Exercise: Begin with the line below holding "El set incluye" and go on through the line holding "Ten zestaw bondage", duplicating each line exactly and leaving out pictures.

■ ■ ■

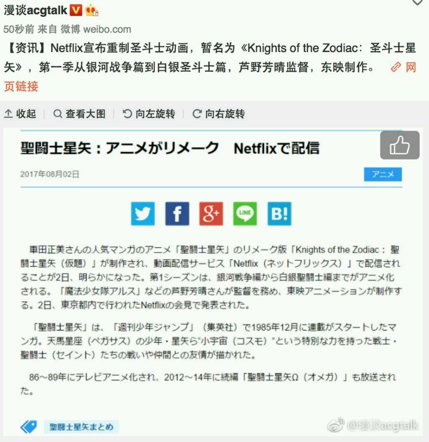 【资讯】圣斗士动画或将重制
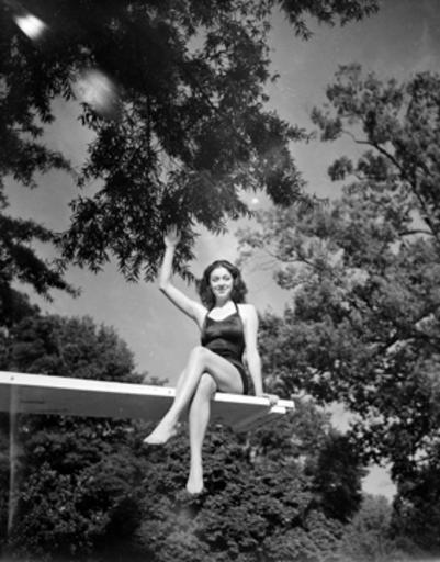 Keywords: tarboro (n.c) tarboronc swimming pools swimmingpools carolyn perrest carolynperrest blackandwhite monochrome outdoor black and white Carolyn Perrest [?] Tarboro, NC, Champ Swimmer, thought to be at a local Tarboro swimming pool, May 1939. Taken by Baker, NC Conservation and Development Department, Travel and Tourism photo files, State Archives of North Carolina, Raleigh, NC. We need your help! Is this swimming pool the famous Tarboro "Cool Pool"? From the NCPedia ncpedia.org/cool-pool: On 9 July 1933 the Tarboro Town Council voted to ask Frick and Company of Waynesboro, Pa., to design and install a refrigerating unit for its new municipal swimming pool. After operating for only three months, the olympic-design pool, containing 300,000 gallons of water and with a constant flow of 400 gallons per minute, had become uncomfortably warm from the summer's record heat and the activity of swimmers. By mid-August Frick had installed the refrigerating device at a cost of $2,592, making the Tarboro pool what is believed to have been the first and perhaps only refrigerated outdoor pool in the country. Tarboro's "cool pool" drew crowds of swimmers and swimming meets throughout the 1930s. Carolyn Perrest [?] Tarboro, NC, Champ Swimmer, thought to be at a local Tarboro swimming pool, May 1939. Taken by Baker, NC Conservation and Development Department, Travel and Tourism photo files, State Archives of North Carolina, Raleigh, NC. We need your help! Is this swimming pool the famous Tarboro "Cool Pool"? From the NCPedia ncpedia.org/cool-pool: On 9 July 1933 the Tarboro Town Council voted to ask Frick and Company of Waynesboro, Pa., to design and install a refrigerating unit for its new municipal swimming pool. After operating for only three months, the olympic-design pool, containing 300,000 gallons of water and with a constant flow of 400 gallons per minute, had become uncomfortably warm from the summer's record heat and the activity of swimmers. By mid-August Frick had installed the refrigerating device at a cost of $2,592, making the Tarboro pool what is believed to have been the first and perhaps only refrigerated outdoor pool in the country. Tarboro's "cool pool" drew crowds of swimmers and swimming meets throughout the 1930s.
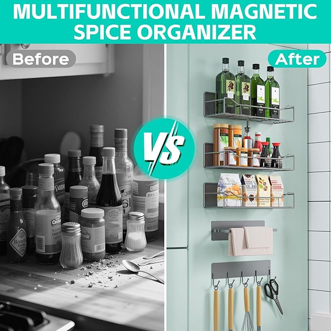 - ✅【Space-Saving Powerhouse】Instantly unlock wasted vertical space with our 5 pack magnetic shelves! Secured by powerful magnets, it transforms the side of your washer or fridge into a clutter-free zone for detergents, and Kitchen supplies—no drilling or bulky cabinets needed. Organize smarter, not harder.
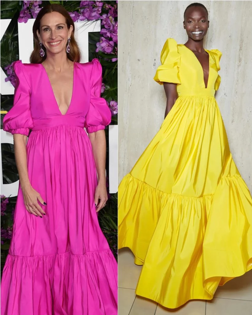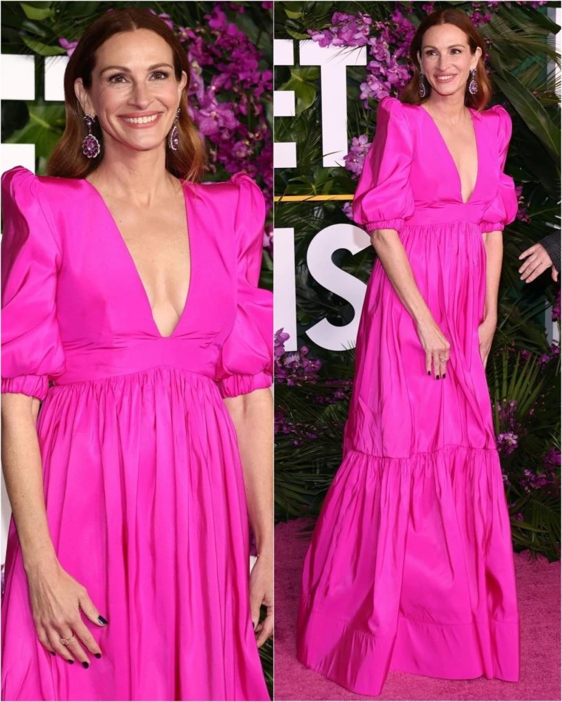 Para la avant premier de Ticket to paradise, la actriz eligió uno de los diseños estrella de la última colección de Valentino: un maxivestido con el color del momento con escote en V pronunciado, mangas tres cuartos con volumen y falda amplia con volados, un mix entre lo elegante y lo descontracturado.
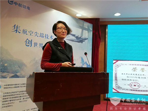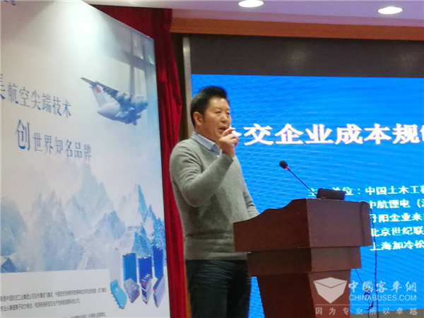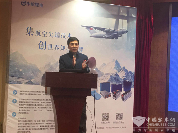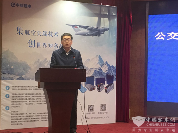 中航锂电公司总经理王栋梁在致辞中表示,为推动新能源汽车产业发展,为致力于成为在座各位值得信赖的绿色电源行业引领者,实现由生产商到综合服务商转变,中航锂电公司愿意为推动我们的公共交通发展提供服务。
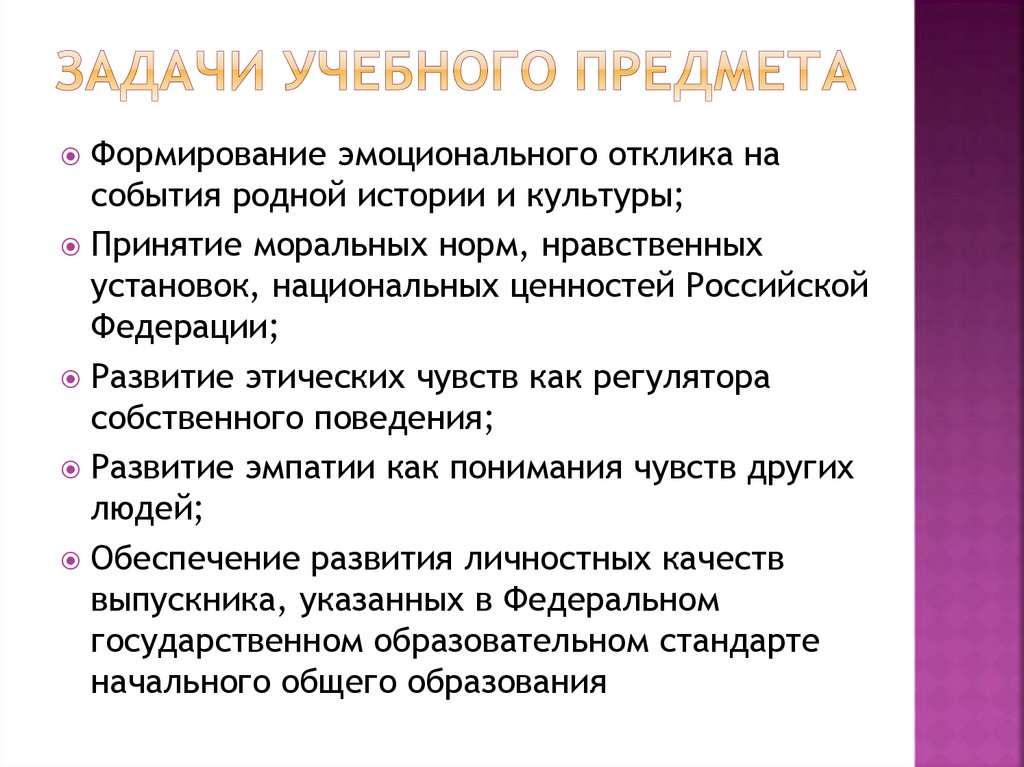 Формирование эмоционального отклика насобытия родной истории и культуры;
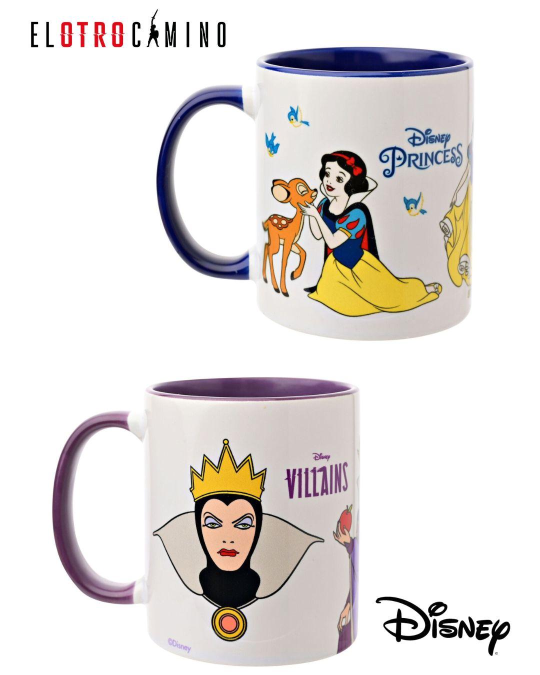 El set incluye una taza dedicada a Blancanieves, la primera princesa Disney y protagonista del histórico largometraje de 1937, y otra centrada en la imponente Reina Malvada, una de las villanas más icónicas de la historia del cine de animación. Ambas piezas destacan por sus ilustraciones cuidadosamente diseñadas, que reflejan la dualidad entre la inocencia y la oscuridad, convirtiendo este conjunto en un artículo especialmente atractivo para coleccionistas.
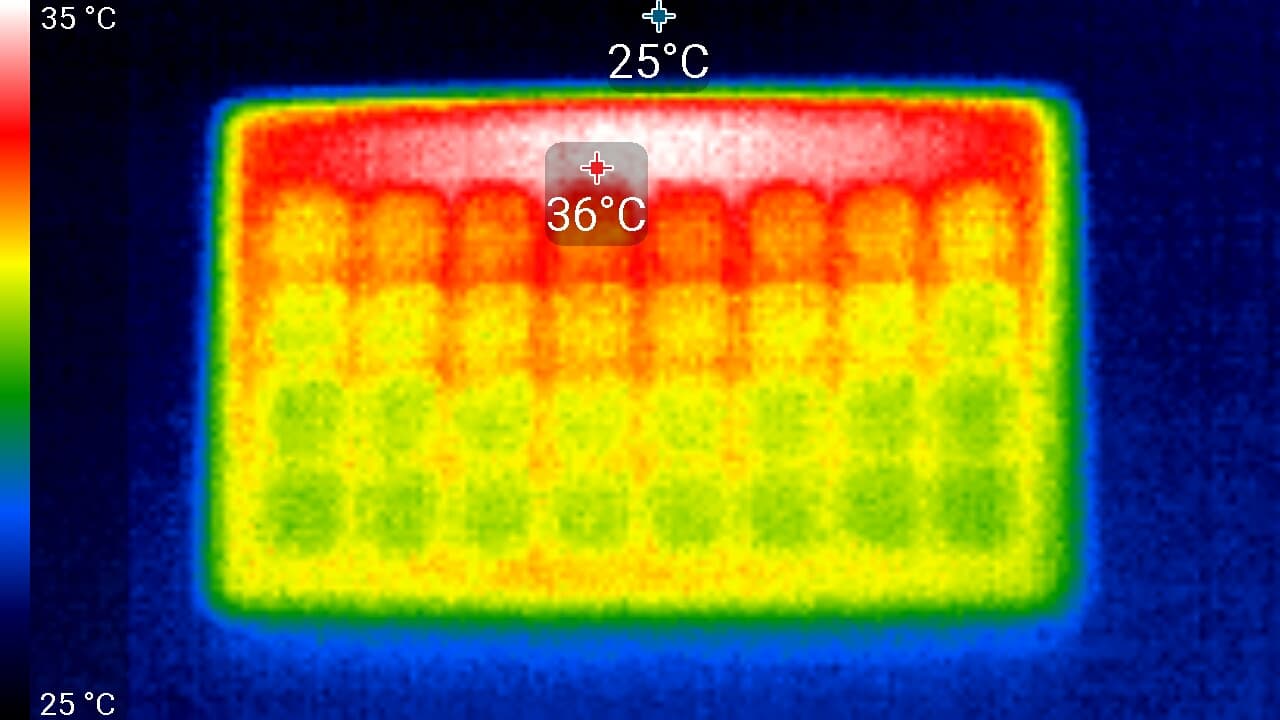 Кстати, съемка с такого ракурса показывает, что при нажатии на кнопку она немного утапливается, но изображение под кнопкой остается на месте. Что это означает? Логика подсказывает, что никаких 32 маленьких экранчиков здесь нет, а есть один большой дисплей. Заглянуть внутрь не позволяют условия предоставления оборудования, согласно которым мы обязаны вернуть изделие в товарном виде. Однако никто не запрещал использовать другие способы исследовать внутренности. Например, тепловизионную съемку.
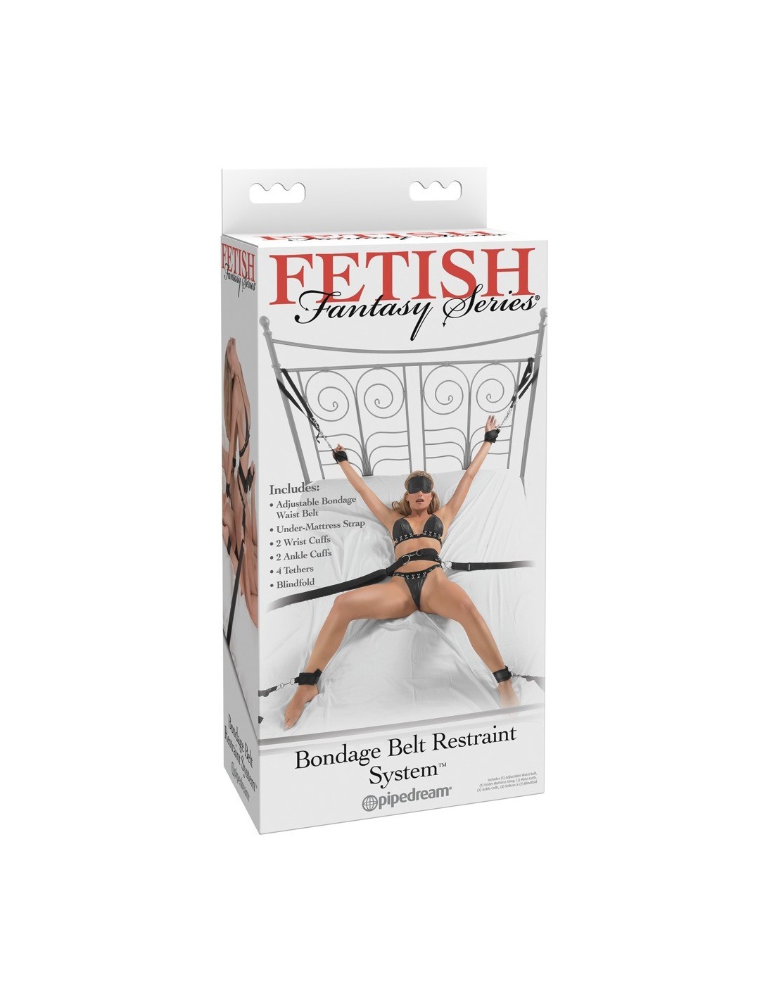 Ten zestaw bondage to wszystko, czego potrzebujesz, aby rozpocząć swoją podróż w świat BDSM. Zawiera on pasek na materac, pasek w talii, 2 kajdanki, 2 mankiety na kostki i 4 paski przytrzymujące. Pasek materaca jest łatwy w montażu - wystarczy umieścić go pod materacem, a następnie przymocować do niego pasek w talii. Dzięki temu Twoje łóżko stanie się profesjonalnym placem zabaw dla niewolników.
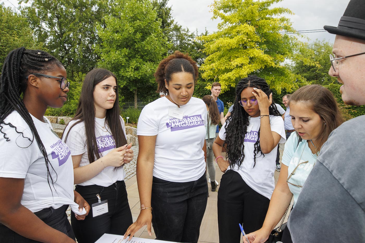 Nach 90 Minuten wuselig-buntem Treiben wurde das Büffet eröffnet. Gegen 18 Uhr folgte dann die Danksagung an alle Helfer:innen und Unterstützer von WiesPaten. Schließlich folgte die lang ersehnte Siegerehrung. Gewinner des Nachmittags war die Gruppe aus Jahrgang 9 der Sophie-und-Hans-Scholl-Schule, die als Gewinn den von der R+V STIFTUNG gespendeten Gutschein für einen Nachmittag im Superfly in Nordenstadt entgegen nehmen durften.
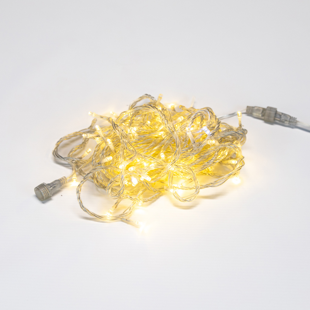 102053-3 - Cordão de 100LED Fixo Branco Quente - Led 5mm - Fio 1.8mm
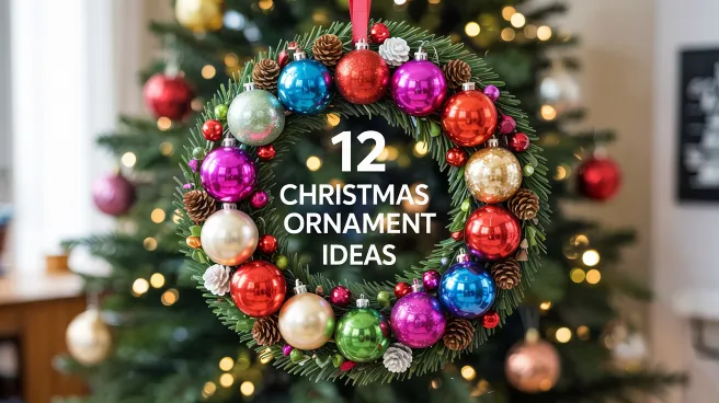 Use a foam or wire wreath form, glue on ornaments in layers, and fill gaps with smaller ornaments or greenery.
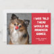 Faites de votre chien de compagnie ou chat le centre de vos Cartes de fin de année cette année avec la carte de Noël photo mignonne et drôle. Ce dessin présente un accueil humoristique de votre animal de compagnie ludique : "On m'a dit qu'il y aurait des jeux de rennes", sur un arrière - plan rouge avec une grande photo de votre animal. Utilisez le bouton "Modifier à l'aide de l'outil de conception" pour redimensionner et déplacer le nez de renne rouge pour se positionner sur le nez de votre animal. Laissez les jeux de rennes commencer par cette carte de Noël mignonne et drôle !
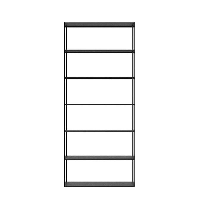 Easy Irony Zeus est une bibliothèque modulaire et amovible. Montants tubulaires carrés 15 x 15 mm et étagères en tôle pliée par pression de 1,5 mm d'épaisseur. Dimensions des étagères L 74 ou 104 cm. Peinture époxy poudre noire cuivre, nouvelle version sablé ou blanc gaufré. Prévu pour un montage mural. Espace utile entre les étagères 36 cm.

■ ■ ■

Result for this exercise:
 El set incluye una taza dedicada a Blancanieves, la primera princesa Disney y protagonista del histórico largometraje de 1937, y otra centrada en la imponente Reina Malvada, una de las villanas más icónicas de la historia del cine de animación. Ambas piezas destacan por sus ilustraciones cuidadosamente diseñadas, que reflejan la dualidad entre la inocencia y la oscuridad, convirtiendo este conjunto en un artículo especialmente atractivo para coleccionistas.
 Кстати, съемка с такого ракурса показывает, что при нажатии на кнопку она немного утапливается, но изображение под кнопкой остается на месте. Что это означает? Логика подсказывает, что никаких 32 маленьких экранчиков здесь нет, а есть один большой дисплей. Заглянуть внутрь не позволяют условия предоставления оборудования, согласно которым мы обязаны вернуть изделие в товарном виде. Однако никто не запрещал использовать другие способы исследовать внутренности. Например, тепловизионную съемку.
 Ten zestaw bondage to wszystko, czego potrzebujesz, aby rozpocząć swoją podróż w świat BDSM. Zawiera on pasek na materac, pasek w talii, 2 kajdanki, 2 mankiety na kostki i 4 paski przytrzymujące. Pasek materaca jest łatwy w montażu - wystarczy umieścić go pod materacem, a następnie przymocować do niego pasek w talii. Dzięki temu Twoje łóżko stanie się profesjonalnym placem zabaw dla niewolników.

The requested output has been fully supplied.